— Try it —
The data below should be restated word for word, with every picture omitted.

— Dataset excerpt —
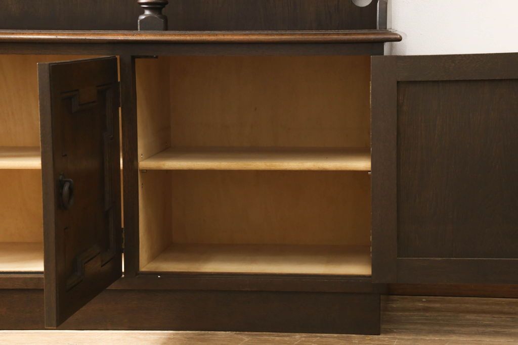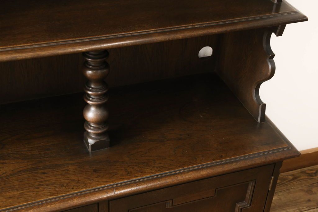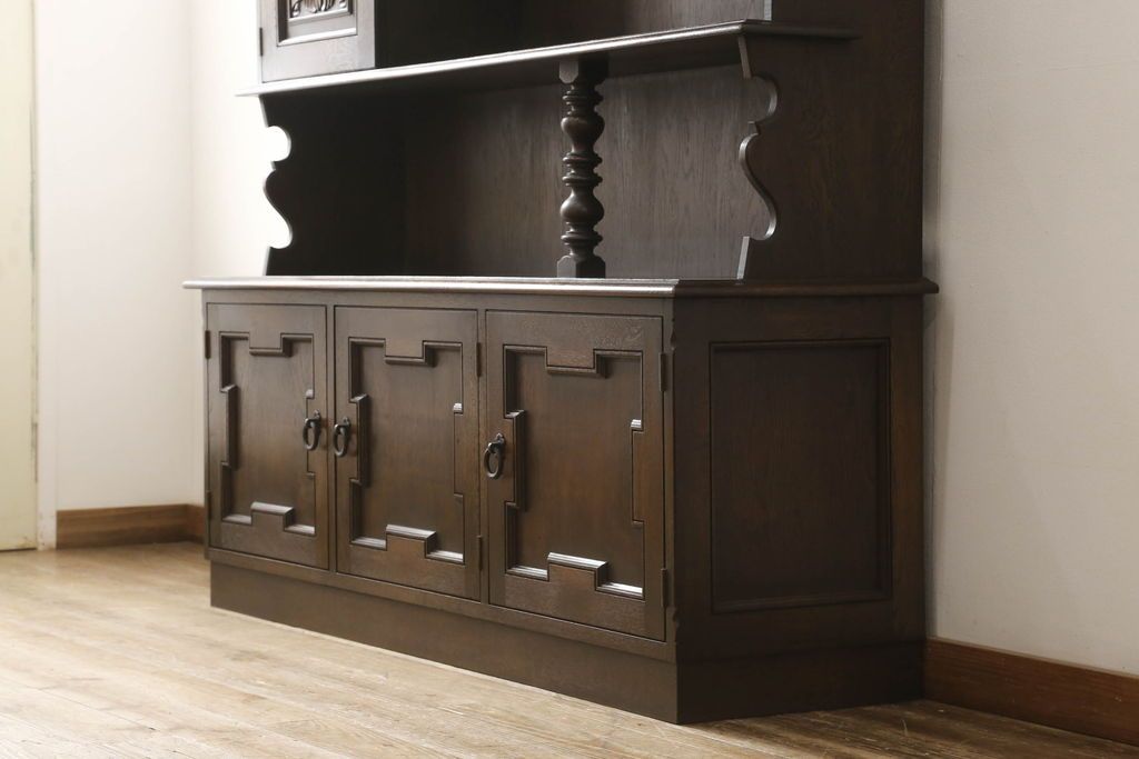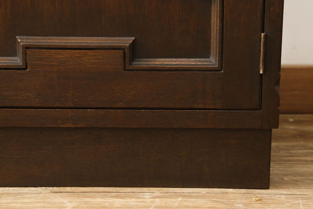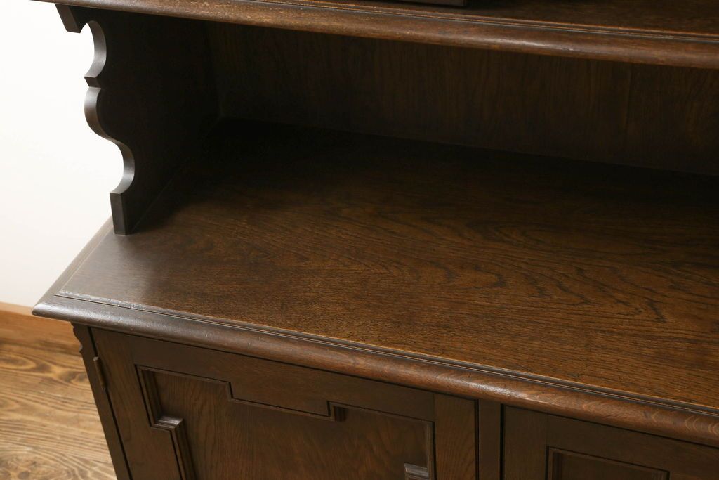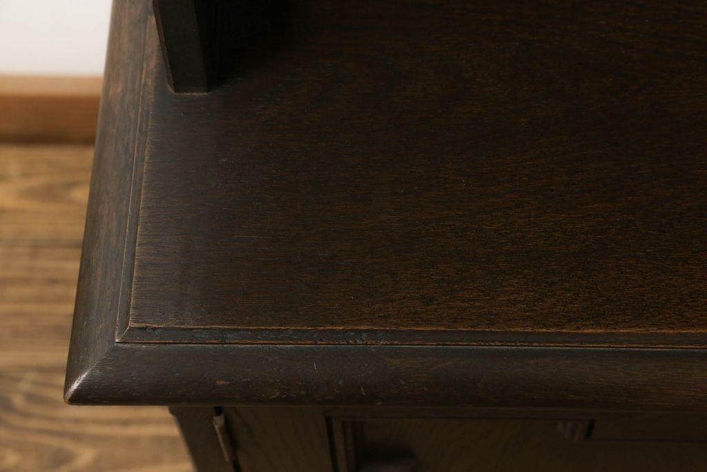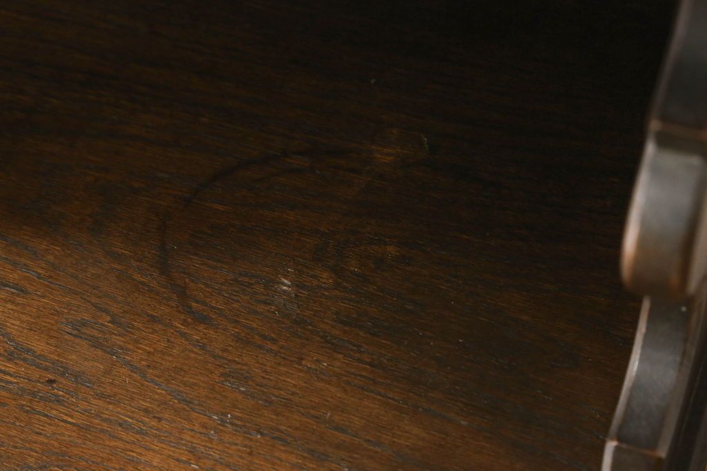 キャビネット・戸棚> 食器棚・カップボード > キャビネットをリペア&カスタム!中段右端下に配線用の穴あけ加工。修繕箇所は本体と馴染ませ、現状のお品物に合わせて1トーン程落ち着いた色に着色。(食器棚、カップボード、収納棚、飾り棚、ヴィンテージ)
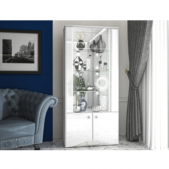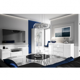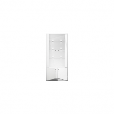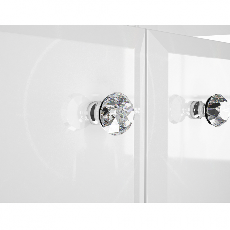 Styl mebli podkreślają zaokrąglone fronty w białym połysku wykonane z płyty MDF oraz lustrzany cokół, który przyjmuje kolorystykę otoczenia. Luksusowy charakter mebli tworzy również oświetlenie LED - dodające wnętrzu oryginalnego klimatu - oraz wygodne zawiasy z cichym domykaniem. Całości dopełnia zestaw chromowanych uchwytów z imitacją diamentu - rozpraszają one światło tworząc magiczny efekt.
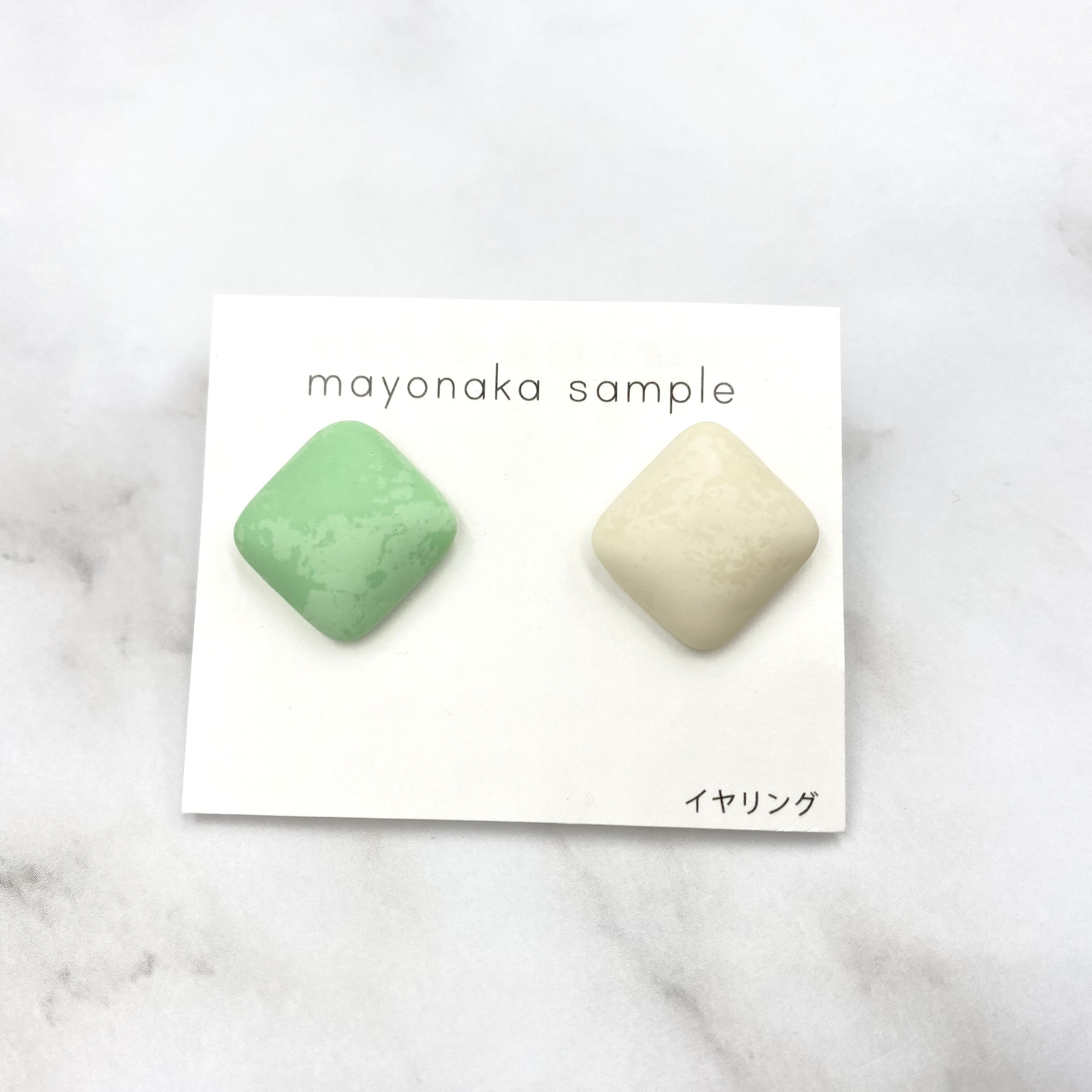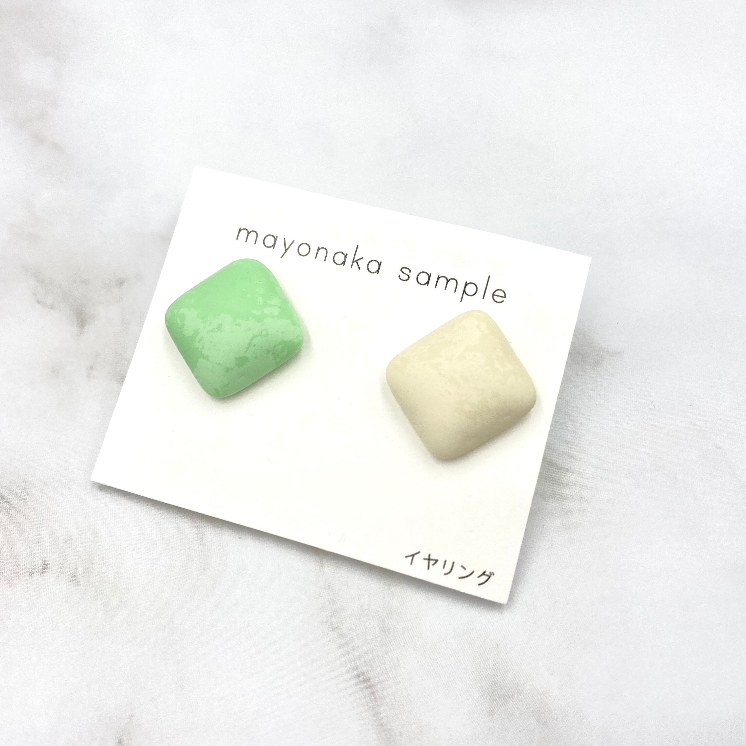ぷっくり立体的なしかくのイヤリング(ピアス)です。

— Response for this exercise —
 キャビネット・戸棚> 食器棚・カップボード > キャビネットをリペア&カスタム!中段右端下に配線用の穴あけ加工。修繕箇所は本体と馴染ませ、現状のお品物に合わせて1トーン程落ち着いた色に着色。(食器棚、カップボード、収納棚、飾り棚、ヴィンテージ)
 Styl mebli podkreślają zaokrąglone fronty w białym połysku wykonane z płyty MDF oraz lustrzany cokół, który przyjmuje kolorystykę otoczenia. Luksusowy charakter mebli tworzy również oświetlenie LED - dodające wnętrzu oryginalnego klimatu - oraz wygodne zawiasy z cichym domykaniem. Całości dopełnia zestaw chromowanych uchwytów z imitacją diamentu - rozpraszają one światło tworząc magiczny efekt.
ぷっくり立体的なしかくのイヤリング(ピアス)です。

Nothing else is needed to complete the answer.